[Stored dataset items]
------

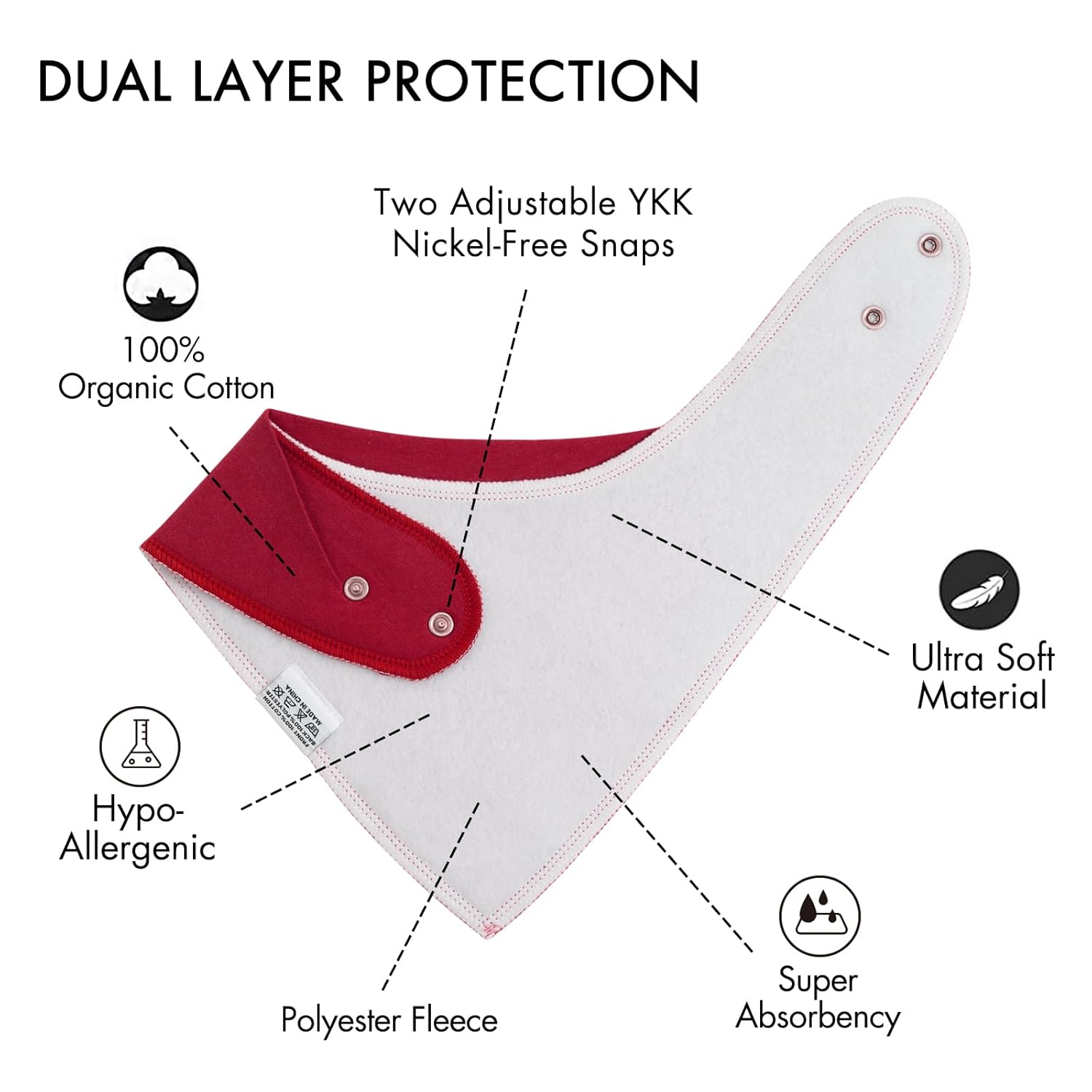 - Multi Functional Use - Our baby bibs for drooling and teething,provide full coverage for baby’s torso and stays flat on your baby’s chest at all times. They are lightweight, plushy, ultra soft and suitable for all skin types including sensitive skin. You can use them as drool bibs, feeding bibs, for burping, spills and mess, or as a handkerchief while on the go.
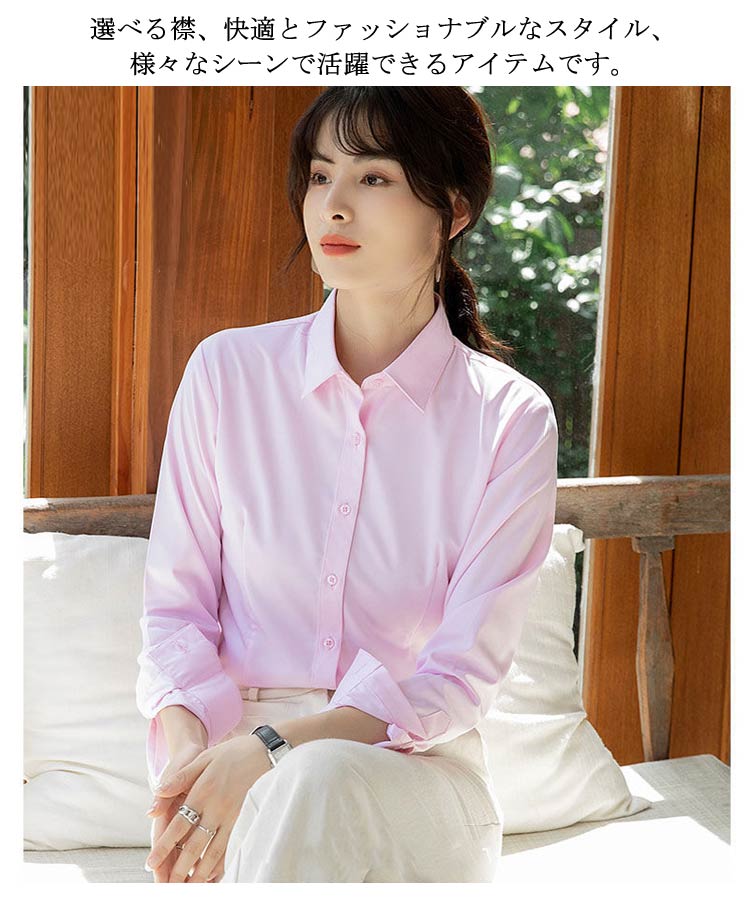 乾きやすくしわになりにくいのでお手入れも楽々、アイロン無しでも着られる形状安定シャツです。お仕事中もストレスフリーな着心地。タイプは通勤や就職活動に、入学式や七五三にお勧め。シンプルな無地カラーで、更に女性らしさをアピールボトムスとの組み合わせは自由、通勤コーデにも日常コーデにも似合う一枚。Sから5XLまで、8個サイズが用意されて、選択の幅が広いです。 隠すボタンタイプも用意しています。 選べる襟、快適とファッショナブルなスタイル、様々なシーンで活躍できるアイテムです。
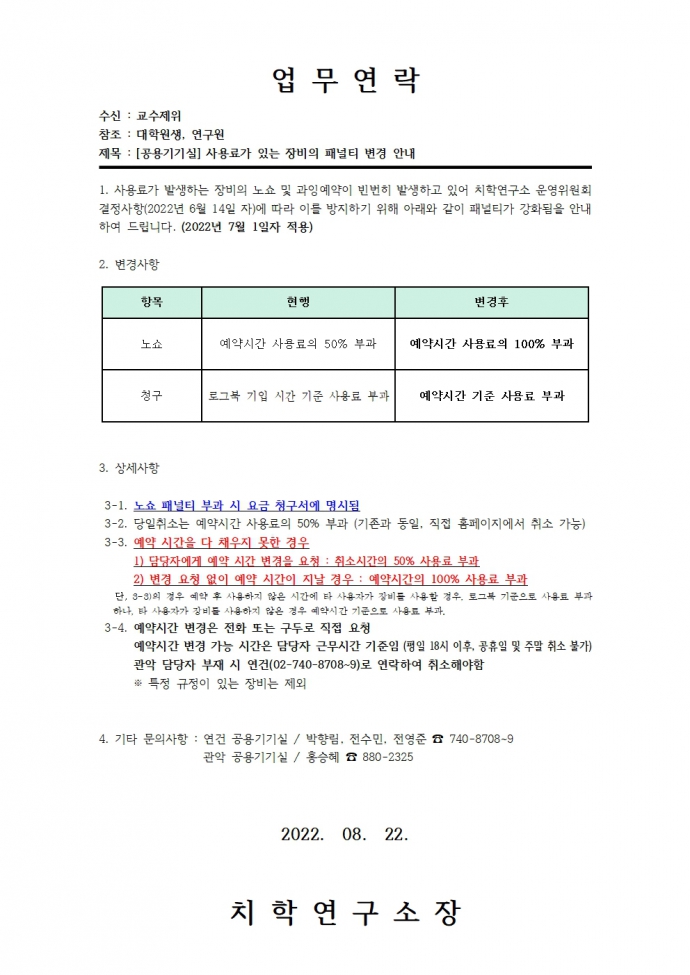 [업무연락][공용기기실]사용료가 있는 장비의 패널티 변경 안내
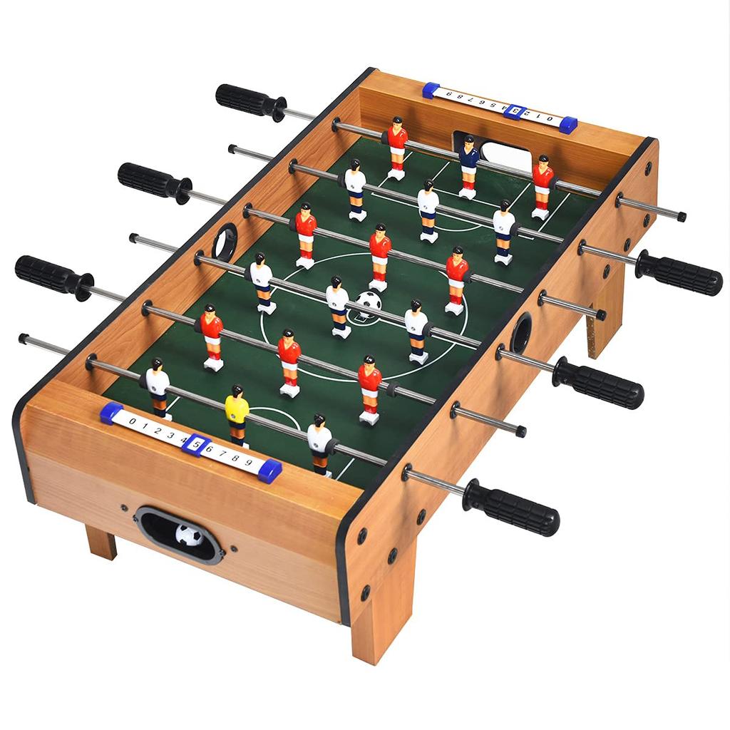 Genießen Sie ein Tischfußballspiel mit Ihrer Familie und Ihren Freunden! ▲▲▲▲▲Eigenschaften▲▲▲▲▲▲ Voll ausgestattet, spielbereit Kommt mit 18 Spielern, 2 Bällen und 2 Punktezählern. Sie können sofort ein 2-Spieler-Match starten. Hochwertige Materialien, ausgezeichnete Stabilität Hergestellt aus mitteldichter Faserplatte, mit 4 höhenverstellbaren Füßen für zusätzliche Stabilität und Haltbarkeit. Einfach für jeden zu genießen Die Regeln sind einfach, sodass jeder spielen kann, unabhängig von Alter oder Geschlecht. Verbessern Sie Ihre Hand-Auge-Koordination und vertiefen Sie die Bindung zu Ihrer Familie und Ihren Freunden. Kompaktes Design, leicht zu tragen Das leichte und kompakte Design macht es einfach, es zu verstauen und überallhin mitzunehmen, z. B. beim Camping oder auf Partys.. Einfach zu montieren, spielbereit Alle Teile sind in der Box enthalten und können leicht zusammengebaut werden, sodass Sie das Spiel sofort genießen können.
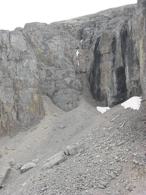 The crack to the right of centre represents the crux of the trip. The route is straight up then to the left.
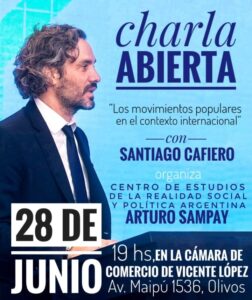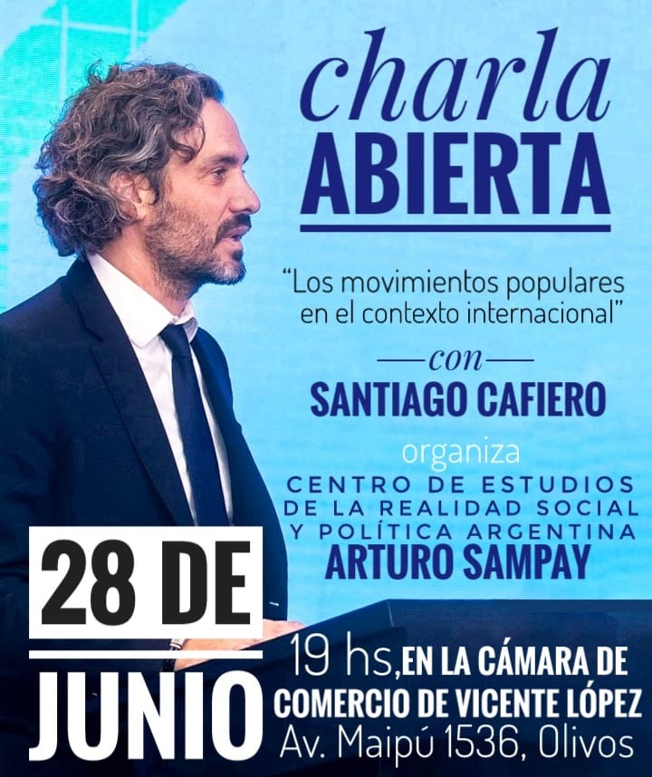 A instancias del Centro de Estudios de la Realidad Social y Política “Arturo Sampay”, el próximo 28 de junio, a las 19, el diputado nacional y ex canciller, Santiago Cafiero, estará abordando una charla debate que lleva como título “Los movimientos populares en el contexto internacional”.
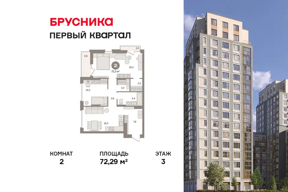 2-комн. кв., от 70.5 м², 13-25 этажи
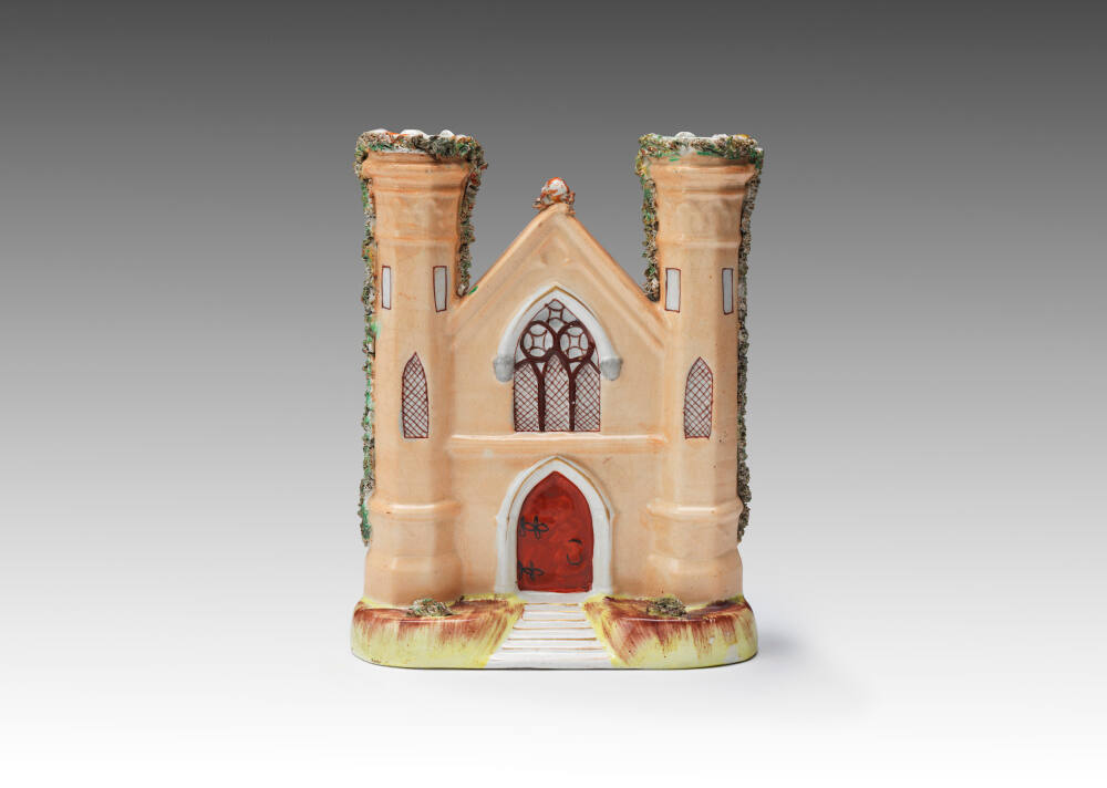 DescriptionTwin-towered church with gothic windows and door. Pale salmon with vermillion arched, recessed door. White door and upper window framing; touches of gilt. Vines on towers in dull greyed green. Yellow grass on base with reddish-brown paint.Exhibition HistoryCastles, Cottages, and Crime, The Nelson-Atkins Museum of Art, Kansas City, Missouri, July 10 2021–March 06 2022, no cat.
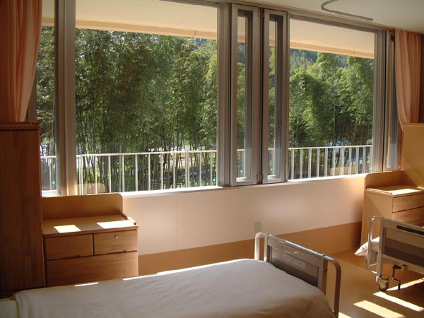 5階は特に明るいフロアです。今回病院を取り巻く環境にも賛辞を頂戴しました。南に竹林、西に桜の丘、北に・・
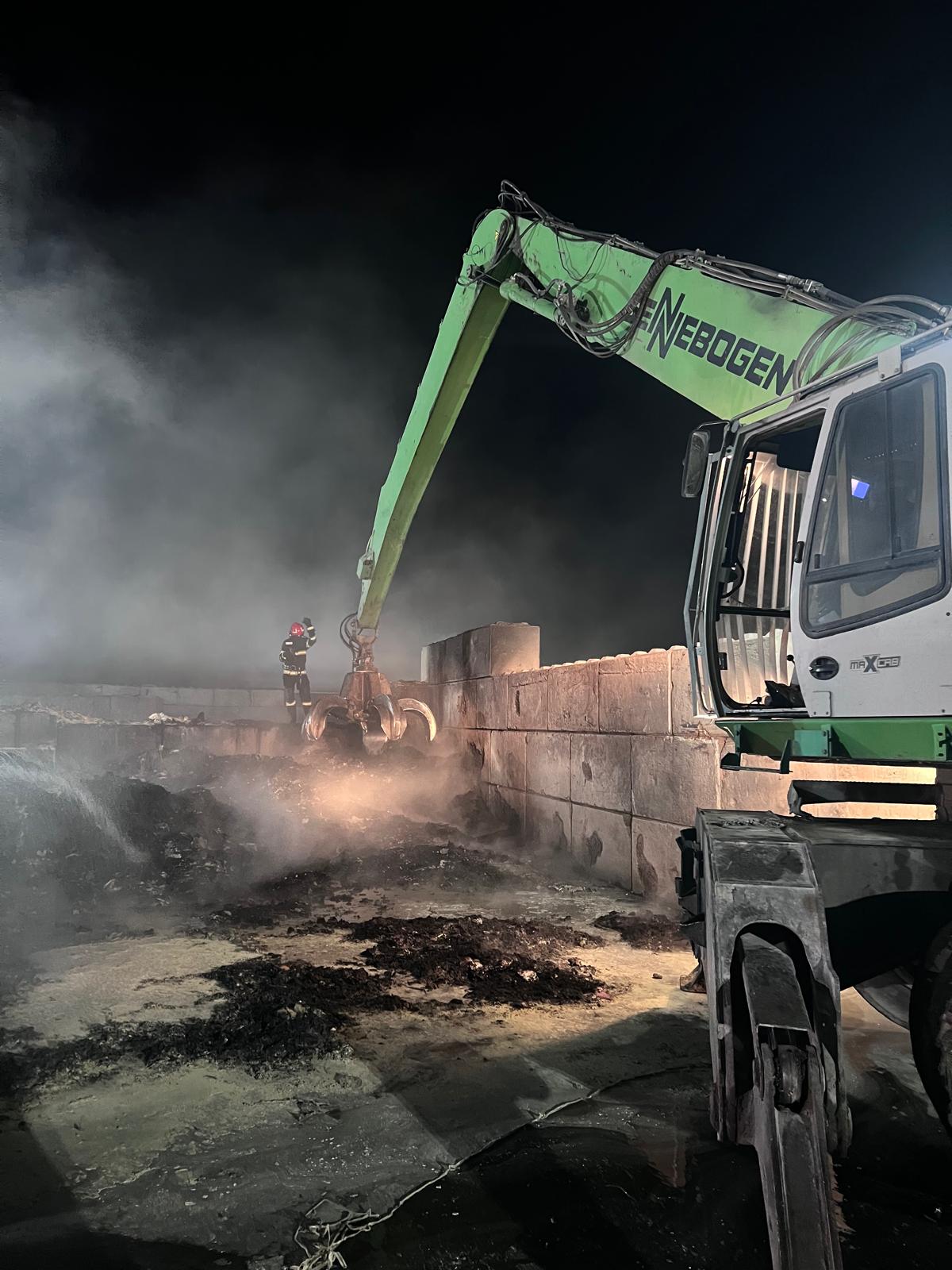 Flăcările s-au manifestat pe o suprafață de aproximativ 150 de metri pătrați, cu degajări masive de fum și risc ridicat de propagare la utilajele din apropiere. Intervenția rapidă a echipajelor a dus la localizarea incendiului în jurul orei 22:40, moment în care focul nu se mai manifesta cu flacără deschisă.
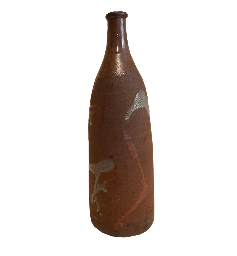 This sake flask or tokkuri shows as an elegant form with an unusual and appealing splashing of two tones of glaze on its body.
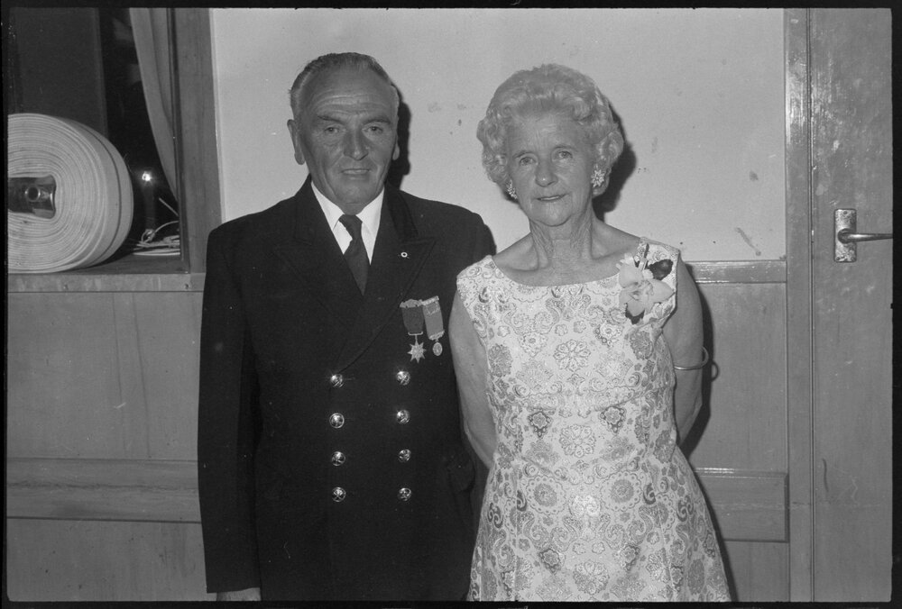 Date10 December 1974Reference Numberphoto gcc-31032DescriptionAwarded the Gold Star is Sub-Officer David Seath, with his wife, Jessie, of the Waihī Volunteer Fire Brigade, for his service. Published 10 December 1974.FormatNegativePhysical Description35mm black-and-white negative (1/2)Photographer/CreatorBay of Plenty Times
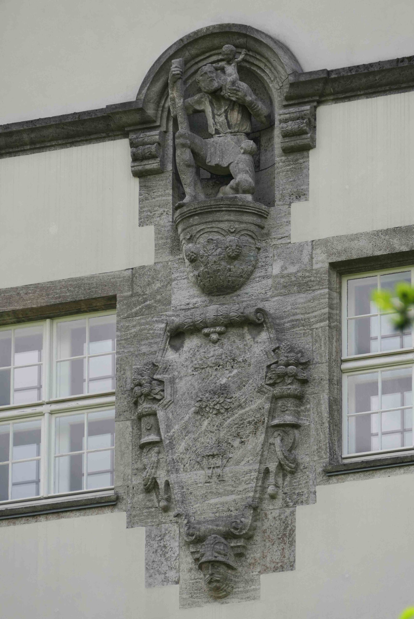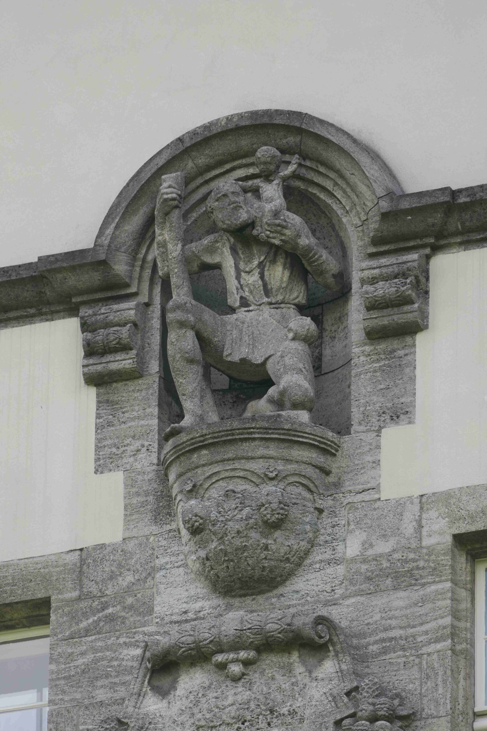 Der Bildhauer Josef Wackerle schuf die aus Muschelkalk bestehende Statue und das Wappen vermutlich um 1917. Laut einer zeitgenössischen Beschreibung soll „der Christophorus, der unter der Last des Christuskindes schreitet, die Schwere der Kriegszeit versinnbildlichen.“ (Nicola Vösgen).

------

TO DO ->
Output only the lines running from the top of the data above to the line with "[업무연락][공용기기실]사용료가 있는 장비의 패널티 변경 안내", inclusive, word for word and without pictures.

SOLUTION TO THIS TASK ->
 - Multi Functional Use - Our baby bibs for drooling and teething,provide full coverage for baby’s torso and stays flat on your baby’s chest at all times. They are lightweight, plushy, ultra soft and suitable for all skin types including sensitive skin. You can use them as drool bibs, feeding bibs, for burping, spills and mess, or as a handkerchief while on the go.
 乾きやすくしわになりにくいのでお手入れも楽々、アイロン無しでも着られる形状安定シャツです。お仕事中もストレスフリーな着心地。タイプは通勤や就職活動に、入学式や七五三にお勧め。シンプルな無地カラーで、更に女性らしさをアピールボトムスとの組み合わせは自由、通勤コーデにも日常コーデにも似合う一枚。Sから5XLまで、8個サイズが用意されて、選択の幅が広いです。 隠すボタンタイプも用意しています。 選べる襟、快適とファッショナブルなスタイル、様々なシーンで活躍できるアイテムです。
 [업무연락][공용기기실]사용료가 있는 장비의 패널티 변경 안내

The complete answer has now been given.